Your output should be the lines below from the one holding "Felfújható színes poharas" through the one holding "Uma pintura aquarela", transcribed exactly, with no pictures.

Records to process:
*** Block opens ***
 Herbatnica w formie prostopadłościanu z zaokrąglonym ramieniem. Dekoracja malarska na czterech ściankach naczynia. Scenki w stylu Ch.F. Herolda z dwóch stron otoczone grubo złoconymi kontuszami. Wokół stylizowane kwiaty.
*** Block closes ***
*** Block opens ***
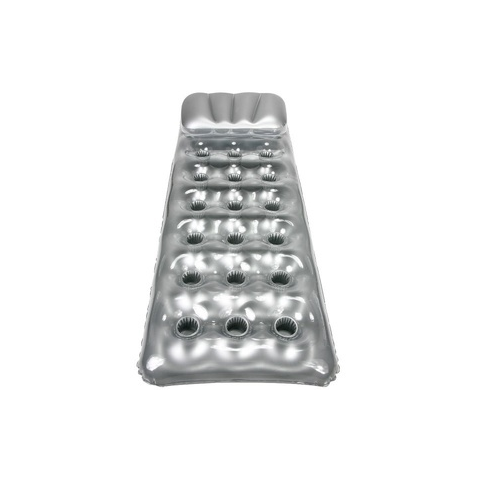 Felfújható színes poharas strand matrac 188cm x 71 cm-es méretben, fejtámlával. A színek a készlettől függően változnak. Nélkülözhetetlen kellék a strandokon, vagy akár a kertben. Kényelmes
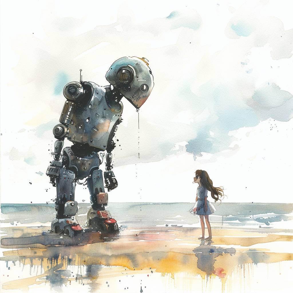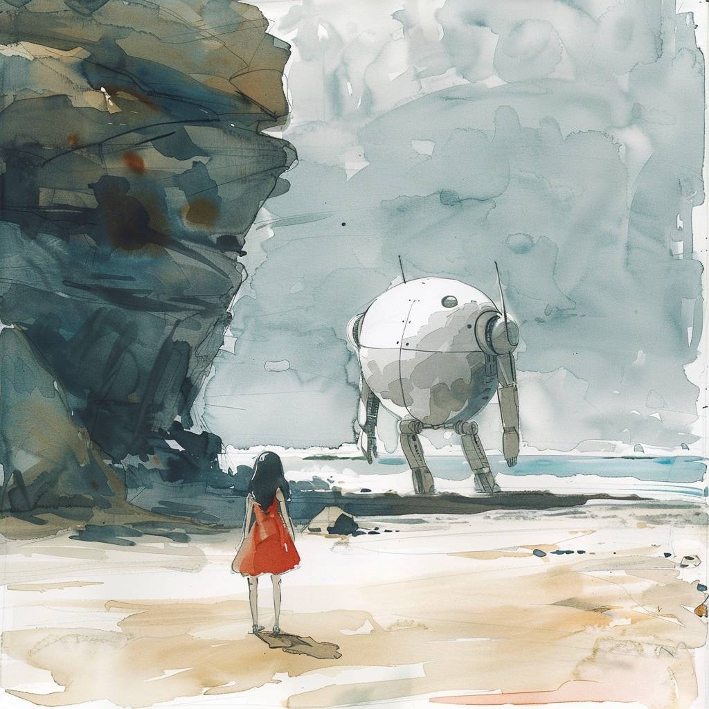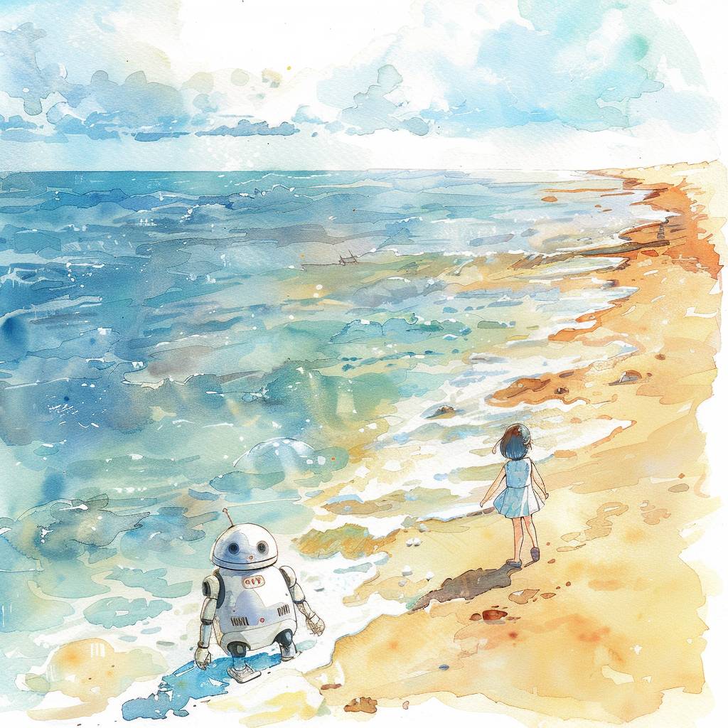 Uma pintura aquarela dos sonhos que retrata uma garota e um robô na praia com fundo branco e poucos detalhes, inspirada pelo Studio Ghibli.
*** Block closes ***
Reply:
 Felfújható színes poharas strand matrac 188cm x 71 cm-es méretben, fejtámlával. A színek a készlettől függően változnak. Nélkülözhetetlen kellék a strandokon, vagy akár a kertben. Kényelmes
 Uma pintura aquarela dos sonhos que retrata uma garota e um robô na praia com fundo branco e poucos detalhes, inspirada pelo Studio Ghibli.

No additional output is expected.